なるほど、「立場」とはすなわちポジション。
結局、立場を重視する人は、物事に本質的に向き合うよりもその立場を強化してくれるものを重視することになります。
わかりやすいのは学歴だったりキャリア。
「◯◯大学卒」
「◯◯で働いている」
「有識者会議にノミネートされた」
という◯◯に当てはまるものです。
ところが、立場が主となるとその人はどんどん形骸化します。そして、立場の奴隷になります。
心のなかでは消費増税に反対してるかもしれないけど、ポジショントークで増税賛成する学者なんかもその一つです。
立場の奴隷になるとどういう人間になってしまうのでしょう?本来なら真面目に生きて、試行錯誤しながら経験や学びを通じて行われるはずの人間形成を軽視、いえ、むしろ憎んでしてしまいます。自分は受験勉強頑張ったんだからアイツらは言うこと聞くべきだって。でも、そんなのは全く意味を持ちません。
もちろん、本人だってそんなことはうっすら気づいています。
ですので、社会人としてはその組織から出てしまうと即死です(笑)
となるとその人達が生きていける場所。
それが関所ということです。
だからこそ、大資本になればなるほど自分たちで何かを生み出すより関所を作ってそこでうまくピンはねするモデルを作り上げます。物流なども、上流から下流まですべて自社資本下に置いて、その要所要所に立場エリートを送り込みます。これなんかは、民間の関所モデルと言えるのではないでしょうか。
あるいは、役所が天下り先をばんばん作っていくのもこの立場主義が理由と言えます。だって自信があれば、天下りなんてしないでマイナビ一度でもエントリしてみやがれですよ。しないでしょうけどね(笑)。

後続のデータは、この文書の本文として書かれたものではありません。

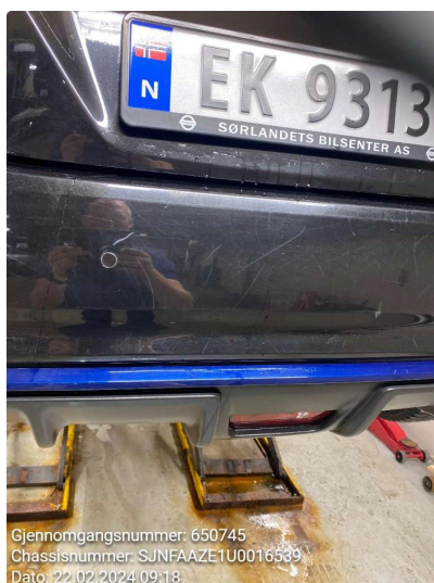
1.2 Mye riper bakfanger. skade høyre side

ですが、こうしたポジション至上主義で関所でずっと生きていると、だんだん感覚がおかしくなってきます。その帰結として、
「このコロナを乗り越えられない中小企業は廃業させて大資本に統合させていくべきだ」
なんて、曲がった考え方になります。まずは、自分が一度でいいから転職してみろって(笑)。
どこでも通じないですから。
(経済学的にもデフレ促進で間違ってますよ)。
いつか関所は崩れる
しかし、関所はあくまでもボトルネックです。
本来そこで経済的価値は生み出されていないのをあえて、関所にして不便にすることでピンはねの場を作っているわけですから。
今回のコロナショックなどはその関所が崩れていくひとつのきっかけになりそうですよね。
前述の安冨歩さんはこの関所モデルが蔓延する理由を“comittment”の欠如と言いました。つまり、多くの人が立場の奴隷になることで、責任を持たない傍観者になります。
1世代、2世代くらいはこの関所も持つかもしれませんが、時代の変化はやがてこうした関所を破壊していきます。その1つのきっかけが先の大東亜戦争の惨めなまでの大敗北だったと帰結しています。
確かにあの時も陸軍海軍が喧嘩して軍人から官僚まで立場の奴隷。ネジ工場の入り口まで別々にするほどの仲の悪さでした(笑)。ポジショントークで予算獲得して、そして、ポジショントークやってるうちに日中戦争が始まって、気づけば戦線拡大。そして、最後までお役所仕事でアメリカとガチンコやってしまいました。
そして、こうした大崩壊がやってきたあと出てくる人。
それはどんな時も黙々と自分のやることをやってきた“comittment”を持つ人達です。
この人達が指導者になると日本は強くなります。
安富さんは高度経済成長期を支えたそうした”comittment”ある人の例として本田宗一郎を挙げていました。そして、こうした人が度重なり言った言葉はこの言葉だったそうです。
亡くなった戦友たちにあの世で顔向けできない
確かに、「立場上、仕方なかったんだ」という言い訳を、死んでいった戦友にすることはできませんね。
決して健全ではないかもしれませんが、私もこの気持はわからなくもないです。
今回のコロナ騒動が日本の関所経済モデルを変えていくきっかけになることを祈るばかりです。